7:30 pm. Polls close across North Carolina, where Democrats are watching Durham closely. Progressive Democrats haven’t unseated an incumbent in a primary since 2020, but they’re hopeful the district has moved toward Allam (and against AI; Allam backs a moratorium on new AI data centers).

Former Gov. Roy Cooper has faced nominal opposition for the party’s Senate nomination. President Donald Trump has endorsed former RNC Chair Michael Whatley for the GOP nomination; among his challengers is Michele Morrow, an activist who ousted the GOP state education superintendent in 2024 but lost the general election after coverage of her conspiratorial views.

8 pm. Polls close in almost all of Texas. In DC., Republicans widely expect Cornyn to be forced into a runoff with Paxton, and are watching whether Paxton leads the senator and by how much.

A runoff is less likely for Democrats, but not impossible, with perennial candidate Ahmad Hassan on the ballot alongside Talarico and Crockett. (He got 2% of the vote in the lower-turnout 2024 primary.)

In the new 15th District, which GOP Rep. Monica De La Cruz first won in 2022, Democratic singer (and top party recruit) Bobby Pulido is facing physician Ada Cuellar, a more progressive candidate endorsed by Crockett — another test of how much primary voters weigh party and ideological loyalty against the premise of electability.

In the neighboring 28th District, Democratic Rep. Henry Cuellar (no relation) has two primary challengers, his first since the Trump administration ended his federal prosecution.

In Republican seats, and the seats they want to flip, the questions are less complicated: Who has the Trump endorsement?

In the 34th District, the president is backing veteran Eric Flores over ex-Rep. Mayra Flores, who won a special election in 2022 and has lost twice to Democratic incumbent Vicente Gonzalez; Trump won the new district by four points in 2024, and the entire GOP push for the Rio Grande Valley is premised on Republicans holding on to or building on his gains. (Trump lost the district by landslides before 2024.)

In the 9th District, Trump supports veteran Alex Mealer over Rep. Briscoe Cain, despite Cain’s role in challenging the 2020 election results and re-writing state election law to Trump’s liking.

Trump’s made endorsements in three more open seats: Carlos De La Cruz in the new 35th District (redrawn from a Democratic to a lean-Republican seat), Jessica Hart Steinmann in the new 8th District (where Rep. Morgan Luttrell is retiring), and realtor Jon Bonck in the new 38th (which Wesley Hunt left to run for Senate).

He’s neutral in the 10th, 19th, 21th, and 32nd districts — three safe GOP seats where Republicans are retiring, and a Democratic seat redrawn for Republicans, respectively.
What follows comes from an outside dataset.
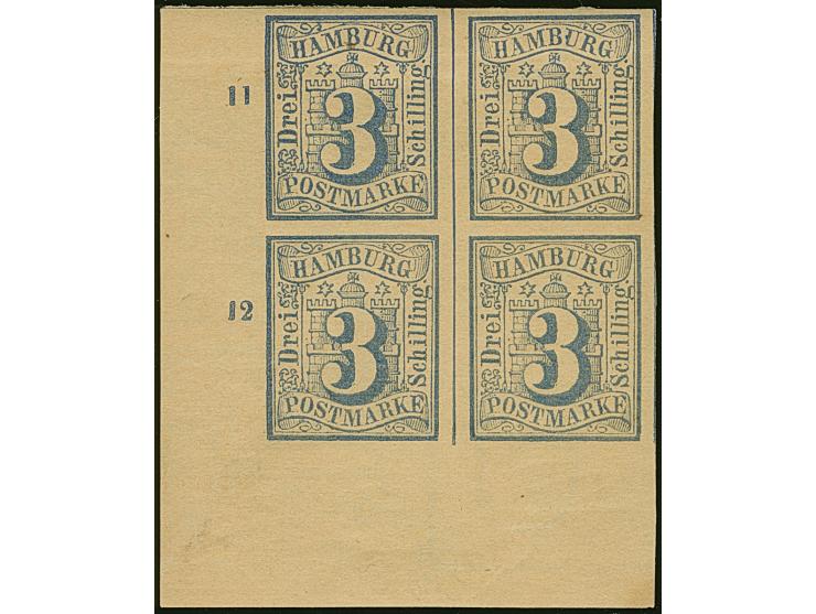 3 Sch. ultramarin, ungezähnt, im 4er-Block aus der linken unteren Bogenecke mit Reihenzählern “11” und “12” und großem Teil des Wasserzeichen 'Turm' in den beiden linken Werte und dem Bogenrand, ungebraucht mit Originalgummi. In dieser Form eine sehr seltene Einheit.
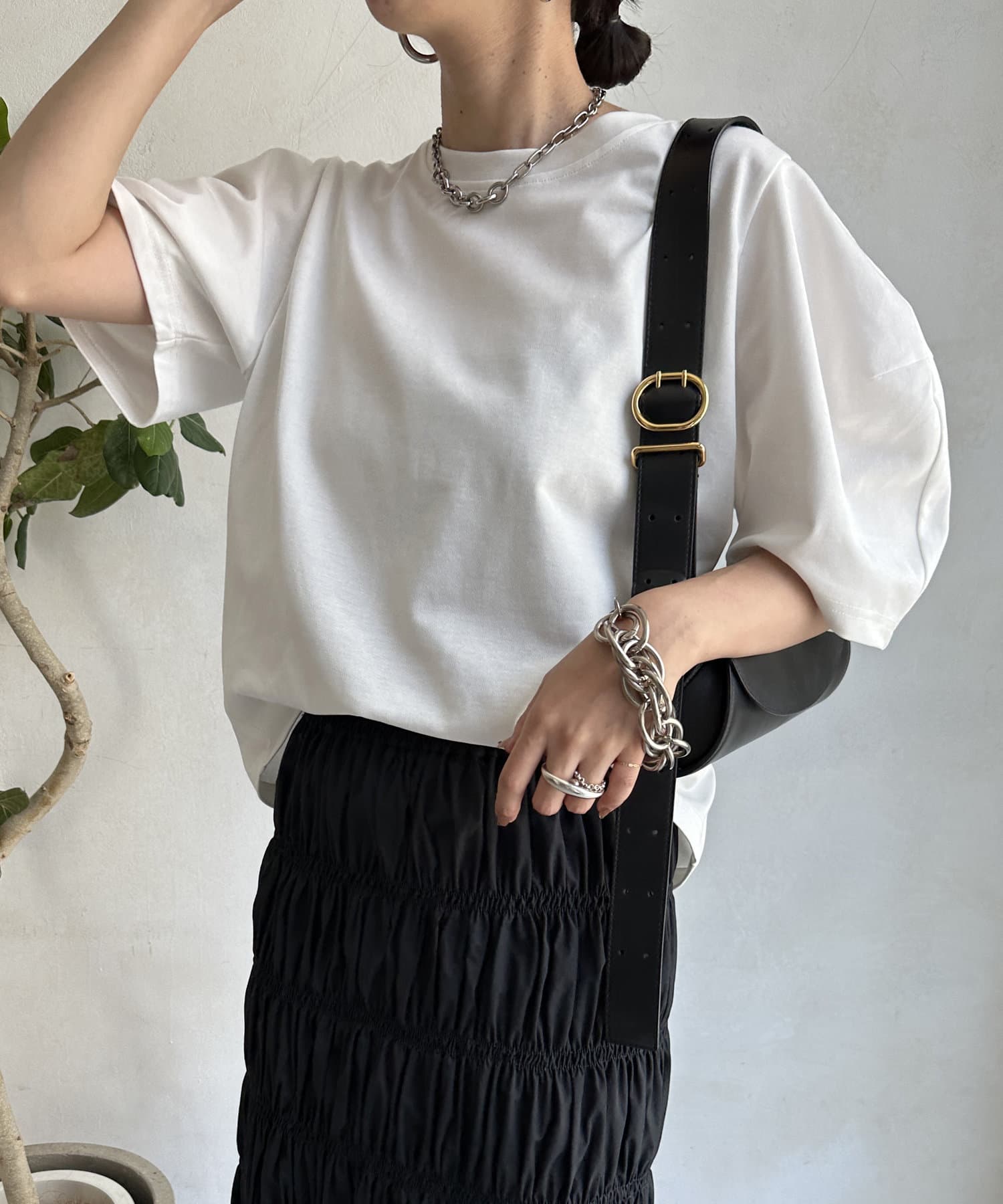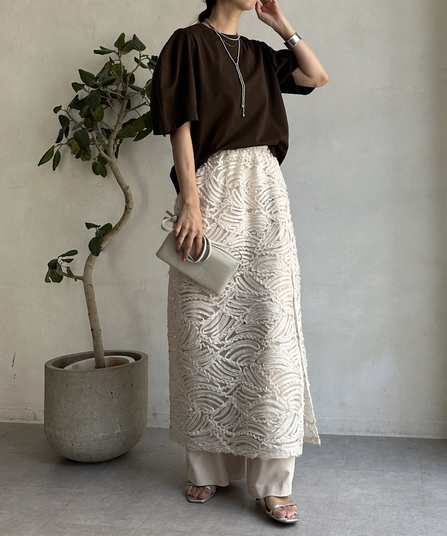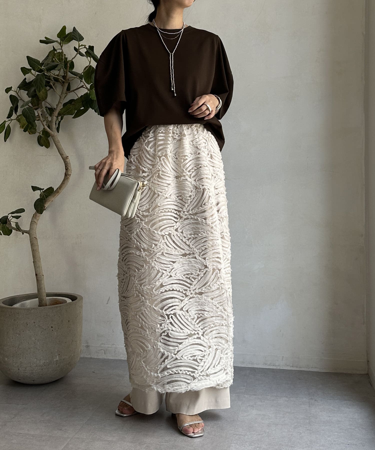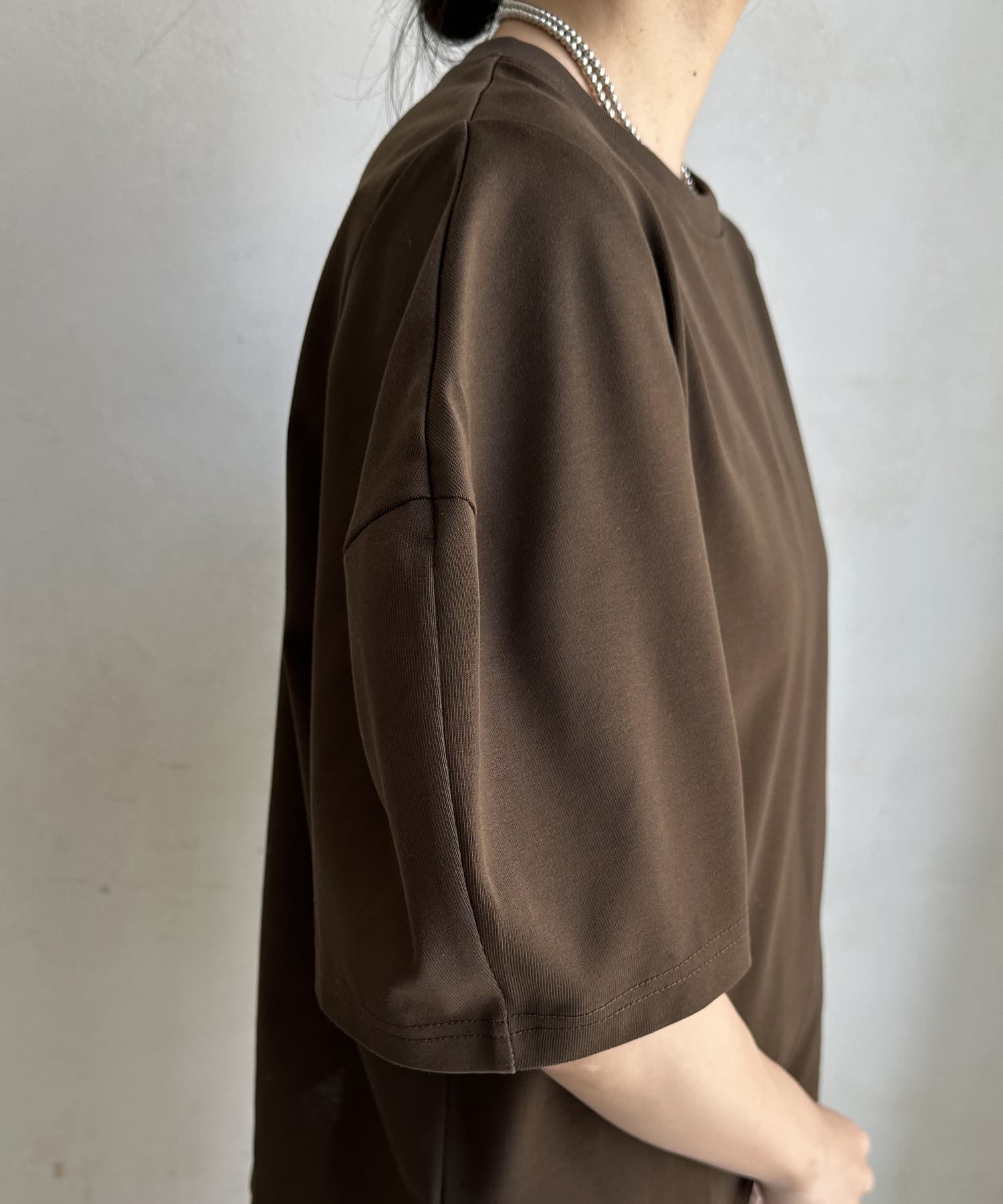 立体的なスリーブデザインに。肘にかかる長めの袖丈で二の腕をしっかりカバーしてくれます。

8:30 pm. Polls close in Arkansas, where Republicans face no real danger in November. Two conservative state supreme court justices, appointed by Gov. Sarah Huckabee Sanders, are running for each other’s seats to navigate around a prohibition on them seeking reelection.

9 pm. Polls close in Texas’s three western-most counties, including El Paso. They’ve rarely been determinative in elections — El Paso County casts around 4% of the Democratic vote — but could matter in a close Senate race and in the Gonzales primary.